**WORK INSTRUCTIONS**. Pictures in the listing below are skipped, while the lines from the "1月14日,由西安開往達(d" line through the "Idag var foruden" line are returned word for word.

**INFORMATION SHOWN**.
Segment Open
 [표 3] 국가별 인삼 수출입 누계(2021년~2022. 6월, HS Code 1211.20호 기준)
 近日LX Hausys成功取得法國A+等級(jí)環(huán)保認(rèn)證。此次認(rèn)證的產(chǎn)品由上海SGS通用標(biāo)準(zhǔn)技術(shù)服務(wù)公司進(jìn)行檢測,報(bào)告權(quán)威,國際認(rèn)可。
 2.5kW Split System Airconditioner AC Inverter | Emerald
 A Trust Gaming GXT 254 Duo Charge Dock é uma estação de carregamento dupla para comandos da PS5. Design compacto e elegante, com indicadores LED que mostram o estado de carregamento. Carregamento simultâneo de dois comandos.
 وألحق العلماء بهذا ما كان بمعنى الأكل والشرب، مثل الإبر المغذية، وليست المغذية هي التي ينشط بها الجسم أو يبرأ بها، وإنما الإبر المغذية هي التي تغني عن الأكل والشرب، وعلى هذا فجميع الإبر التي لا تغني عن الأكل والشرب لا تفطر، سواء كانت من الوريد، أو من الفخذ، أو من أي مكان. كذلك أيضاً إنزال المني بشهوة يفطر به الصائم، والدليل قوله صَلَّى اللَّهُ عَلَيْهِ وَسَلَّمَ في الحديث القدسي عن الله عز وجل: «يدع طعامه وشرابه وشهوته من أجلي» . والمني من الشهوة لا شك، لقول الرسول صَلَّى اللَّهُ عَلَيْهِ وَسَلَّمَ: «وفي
Segment Closed
Segment Open
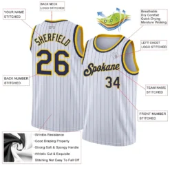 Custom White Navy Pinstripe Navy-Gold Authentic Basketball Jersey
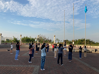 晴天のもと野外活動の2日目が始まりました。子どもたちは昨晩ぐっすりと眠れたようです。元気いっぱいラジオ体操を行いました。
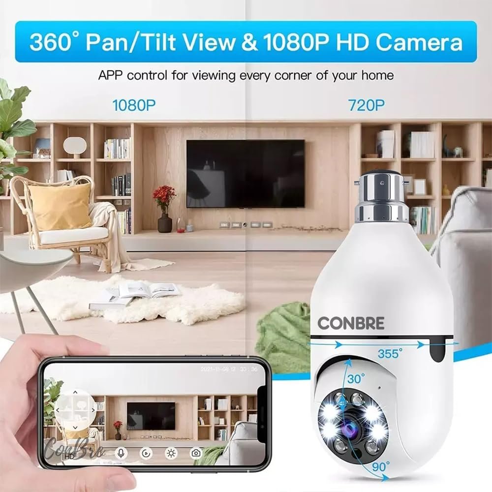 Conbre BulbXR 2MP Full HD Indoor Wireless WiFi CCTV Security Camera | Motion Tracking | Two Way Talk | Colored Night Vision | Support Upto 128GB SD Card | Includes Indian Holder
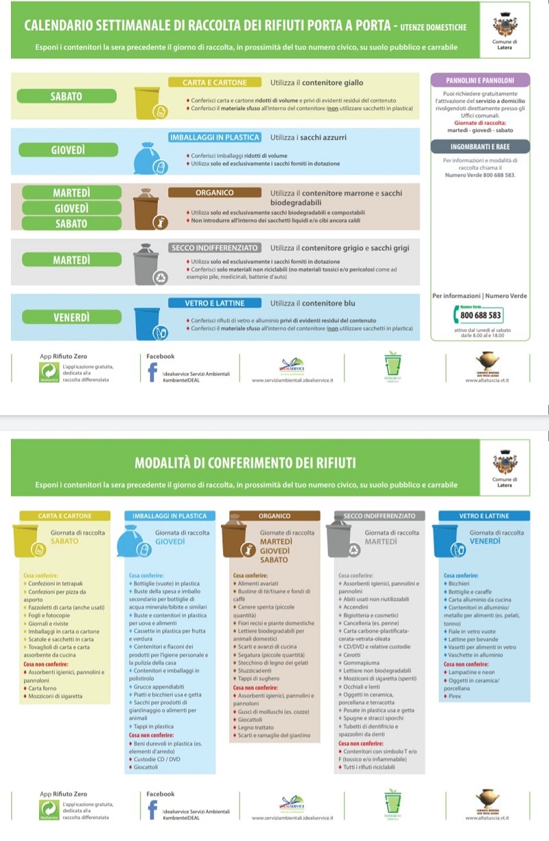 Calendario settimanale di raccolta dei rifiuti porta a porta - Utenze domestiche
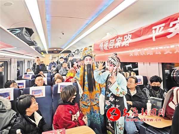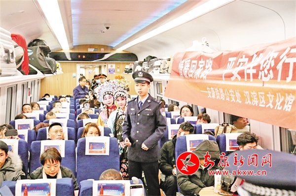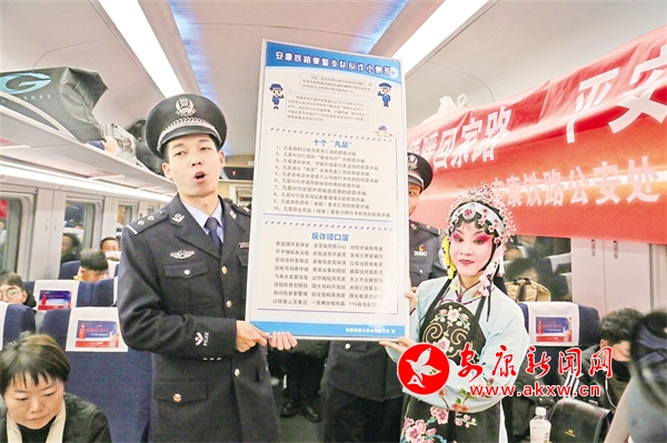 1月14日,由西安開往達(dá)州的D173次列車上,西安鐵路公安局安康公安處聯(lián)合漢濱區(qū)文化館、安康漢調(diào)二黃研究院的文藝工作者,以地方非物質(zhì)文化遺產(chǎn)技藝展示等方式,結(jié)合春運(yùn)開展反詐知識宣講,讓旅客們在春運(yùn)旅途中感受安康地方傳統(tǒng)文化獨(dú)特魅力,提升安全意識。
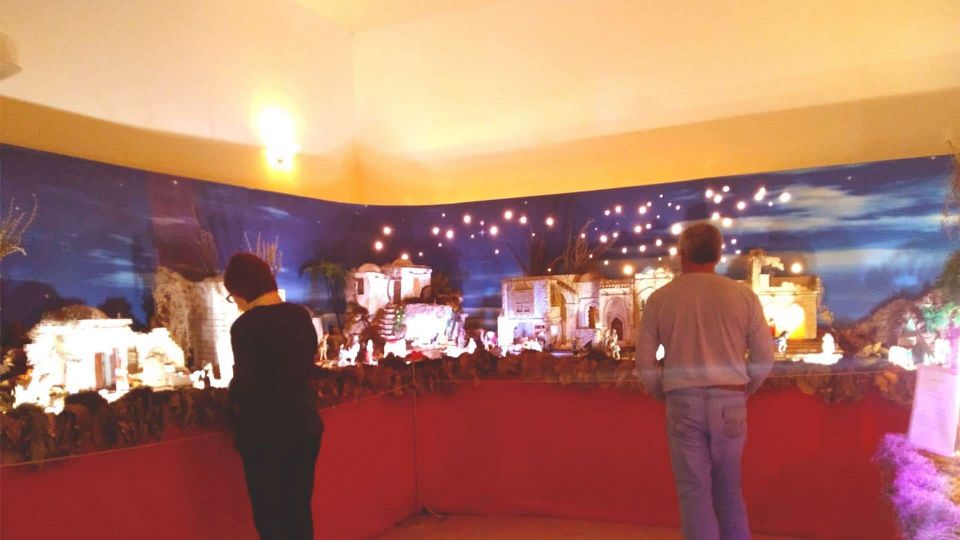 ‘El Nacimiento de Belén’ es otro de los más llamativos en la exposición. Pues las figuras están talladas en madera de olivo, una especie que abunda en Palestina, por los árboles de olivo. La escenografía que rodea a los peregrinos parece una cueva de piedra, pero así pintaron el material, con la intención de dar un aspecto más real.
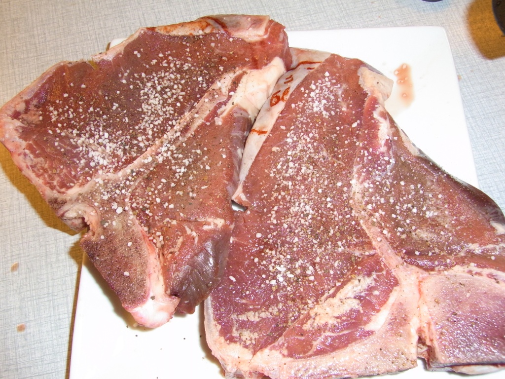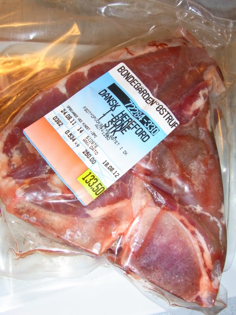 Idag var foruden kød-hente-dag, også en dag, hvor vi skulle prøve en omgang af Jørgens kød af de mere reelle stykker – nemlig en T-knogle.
Segment Closed
**RESPONSE**.
 1月14日,由西安開往達(dá)州的D173次列車上,西安鐵路公安局安康公安處聯(lián)合漢濱區(qū)文化館、安康漢調(diào)二黃研究院的文藝工作者,以地方非物質(zhì)文化遺產(chǎn)技藝展示等方式,結(jié)合春運(yùn)開展反詐知識宣講,讓旅客們在春運(yùn)旅途中感受安康地方傳統(tǒng)文化獨(dú)特魅力,提升安全意識。
 ‘El Nacimiento de Belén’ es otro de los más llamativos en la exposición. Pues las figuras están talladas en madera de olivo, una especie que abunda en Palestina, por los árboles de olivo. La escenografía que rodea a los peregrinos parece una cueva de piedra, pero así pintaron el material, con la intención de dar un aspecto más real.
 Idag var foruden kød-hente-dag, også en dag, hvor vi skulle prøve en omgang af Jørgens kød af de mere reelle stykker – nemlig en T-knogle.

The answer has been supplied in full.